Я даже не поняла, что пошло не так. Внедорожник вдруг повело: одна секунда, один раз я успела моргнуть, один раз мама успела взвизгнуть. Скрип тормозов, раздирающий скрежет — и я лечу вверх тормашками. Перед глазами все кружится, плечо болит, ноет шея. Потом двигатель умолк, звон в ушах постепенно тоже. Я кое-как выпуталась из ремня безопасности, опустила ноги — крыша теперь находилась подо мной, а сиденья наверху. Родители висели на ремнях, как парашютисты на стропах. Мама без движения. Отец слабо вздрагивал.

— Папа-а! — взревела я, размазывая сопли по лицу.

Отец булькнул горлом. Ломано дернулся.

Что-то в нем загипнотизировало меня, заставило заткнуться. Слезы встали комом в груди, там же остались и слова — на целый год последовавшей реабилитации. Мне вдруг сделалось очень холодно. Захотелось спрятаться, стать невидимой. Захотелось проснуться в своей кровати.

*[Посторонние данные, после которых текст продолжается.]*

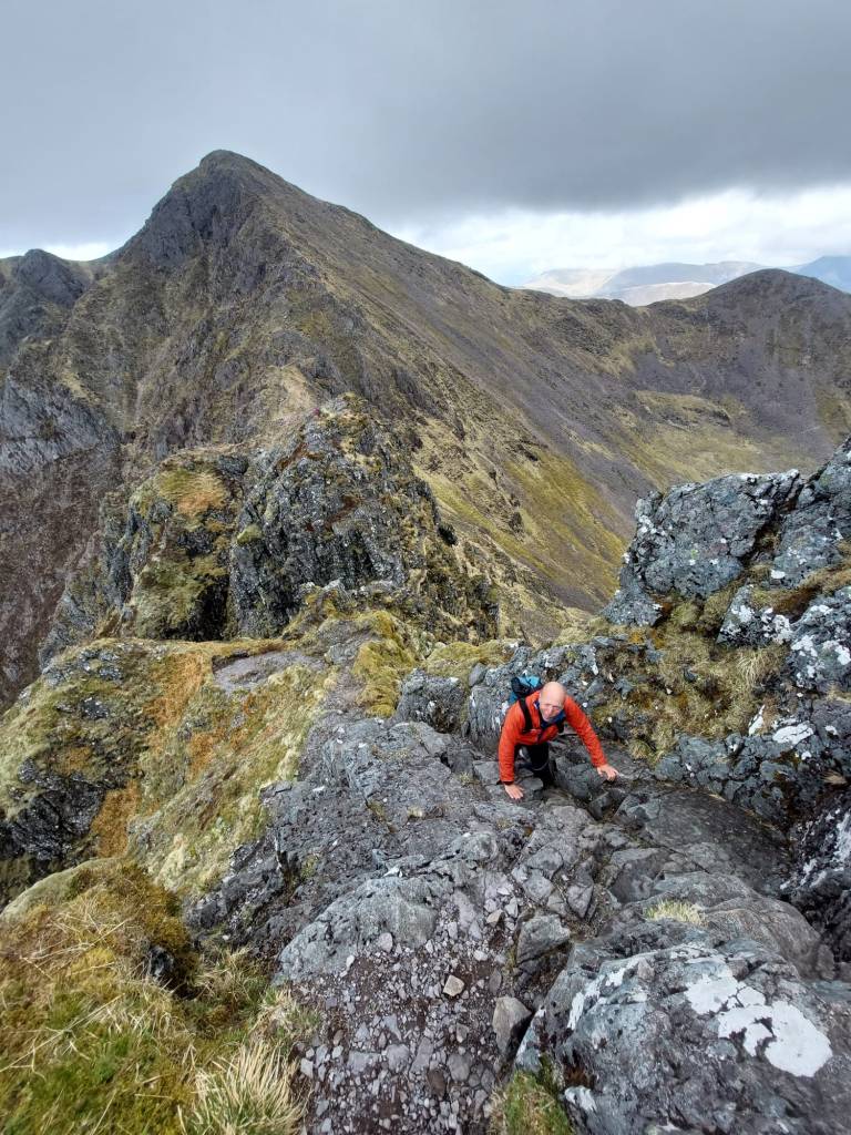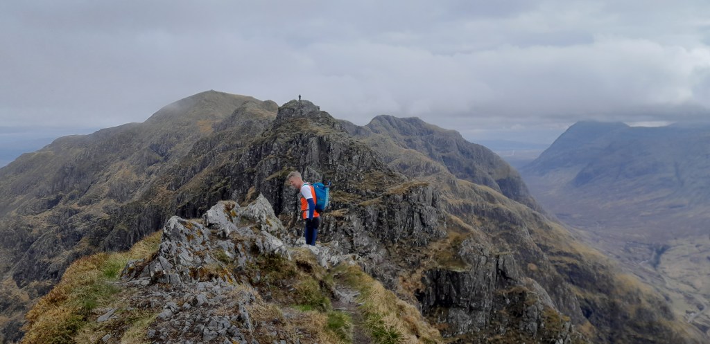 Ik merk dat ik daar niet mee bezig ben. Aanvallen! Voor ons strekt zich de graat uit, uitmondend in een topje, Stob Coire Leith. Daarna begint het echte klauteren. Mijn gidsje omschrijft het leuk: ‘Hard, exposed scrambling along the ridge between Am Bodach and Stob Coire Leith – experience and a good head for heights are required; some walkers may want to accompany a friend with rockclimbing skills and rope – or bring several pairs of spare pants! The very name of Aonach Eagach strikes fear into many hillwalkers, but others will relish the trilling and spectacular scrambling on the traverse of what is often claimed as the narrowest ridge on the mainland. The route links two Munros to make a day to be remembered long after the celebrations in the Clachaig Inn have died down…’
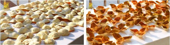 晒皮(干燥) 翻好的皮,阳光下再晒3天(新会当地气温)根据实际情况适当增减时间,先白囊向上,中途改为表皮向上;此时的柑皮已经里外有一定的干燥度(依然保有一定的水分以利于后续陈化转化),可以入仓陈化了;
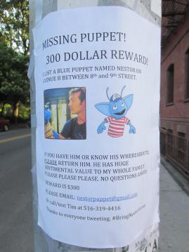 Tim Kubart is the leader of local Brooklyn children’s band, Tim Kubart and The Space Cadets. (The band also happens to be nominated in the Happening List for Best Children’s Performing Artist in Brooklyn! You can vote for them here- http://brooklyn.happeningmag.com/happeninglist/2013/childrens-entertainment/) On August 6th, Tim lost his $1,500 blue puppet, Nestor, who is used in his performances with The Space Cadets. According to an article in The Observer, Nestor was created by Sesame Street muppeteer, Frankie Cordero, and has a huge sentimental value for Tim, and his friends and family. The puppet was last seen in the East Village on Avenue B, somewhere between 8th and 9th Streets. Tim is offering a $300 Reward for anyone who finds his missing partner in crime. If you have seen this puppet, contact Tim! You can follow the puppet’s return home on Twitter with hashtag #bringnestorhome. This sounds like a great premise for a children’s book!!
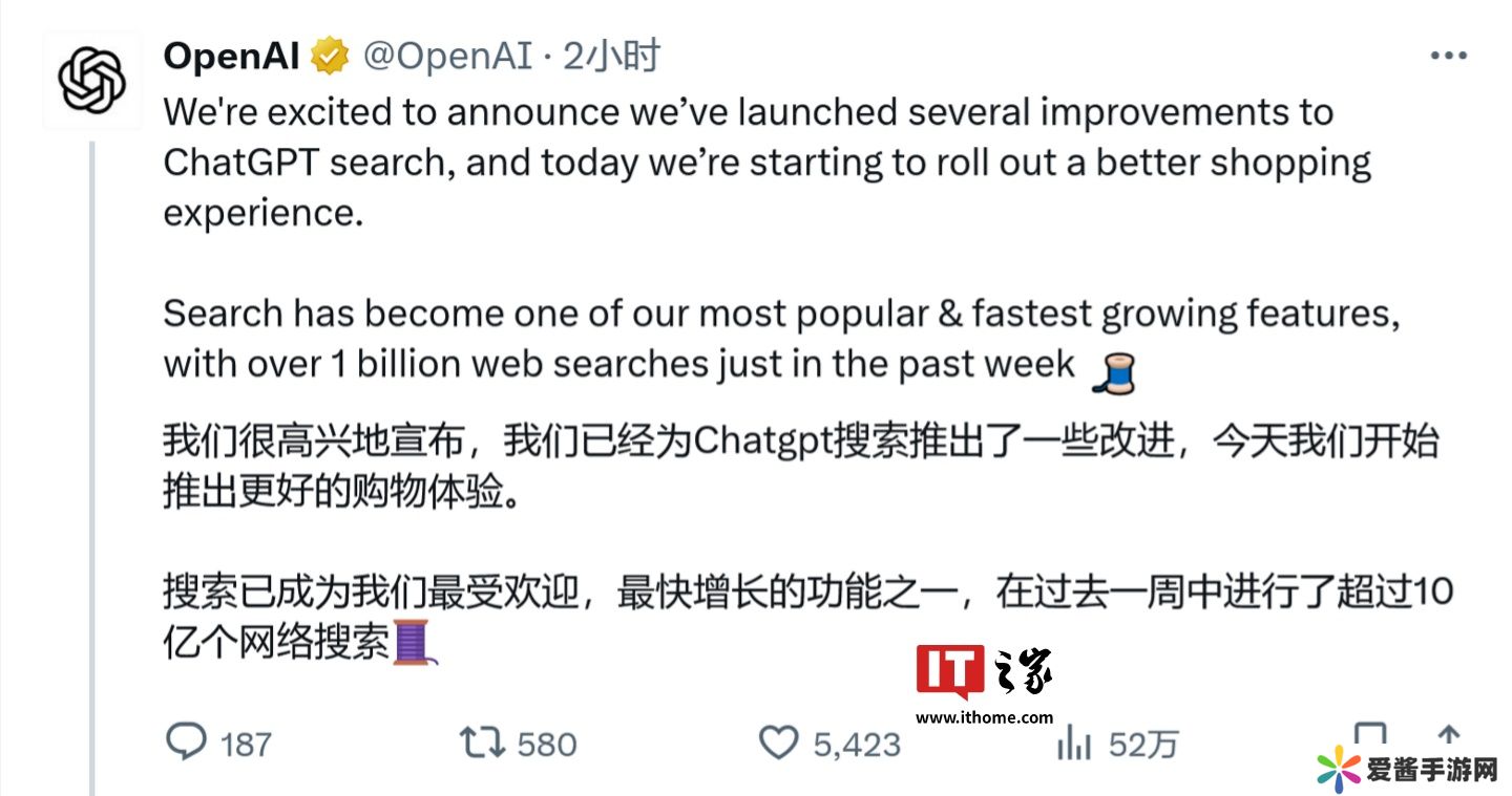 此外,OpenAI 还为 ChatGPT Search 增加了改进引文、趋势话题、自动补全及 WhatsApp 搜索等新功能,进一步提升用户体验。

Первый час отец глухо стонал. Протяжно, с периодичностью в несколько минут, будто засыпал. А я затаилась в дальнем углу салона, под спинкой сиденья, и слушала в тупом оцепенении. Не хотела, не могла дотронуться до развороченной, поблескивающей алым ноги. До скрытого налипшими волосами лица с раздутыми губами. Это был не мой папа, а кто-то другой, кто-то сломанный, некрасивый. И выбраться из машины не могла — словно окаменела от шока. Просто слушала, как уходит его жизнь.

Стон. Молчание. Стон. Молчание. Стон…

Молчание.

Я осталась одна.

Шоссе было безлюдным, никого в оба конца на долгие-долгие мили. Машины по нему ездили редко, городов поблизости не было. Только снег, горный гребень и асфальтовая полоса, а за ней призрачно мерцающая долина. Тишина, какая может быть только в снегах. Белая пустошь, красивая и равнодушная. Через какое-то время я пересилила себя и выбралась через разбитое боковое стекло. Бесцельно ходила кругами у вздыбленных к небу колес, чувствуя, как дорожки слез примерзают к коже. Когда перестала ощущать ступни, не выдержала и забралась в относительное тепло салона. Там хотя бы не дуло; все стекла, кроме одного, потрескались, но каким-то чудом остались целы.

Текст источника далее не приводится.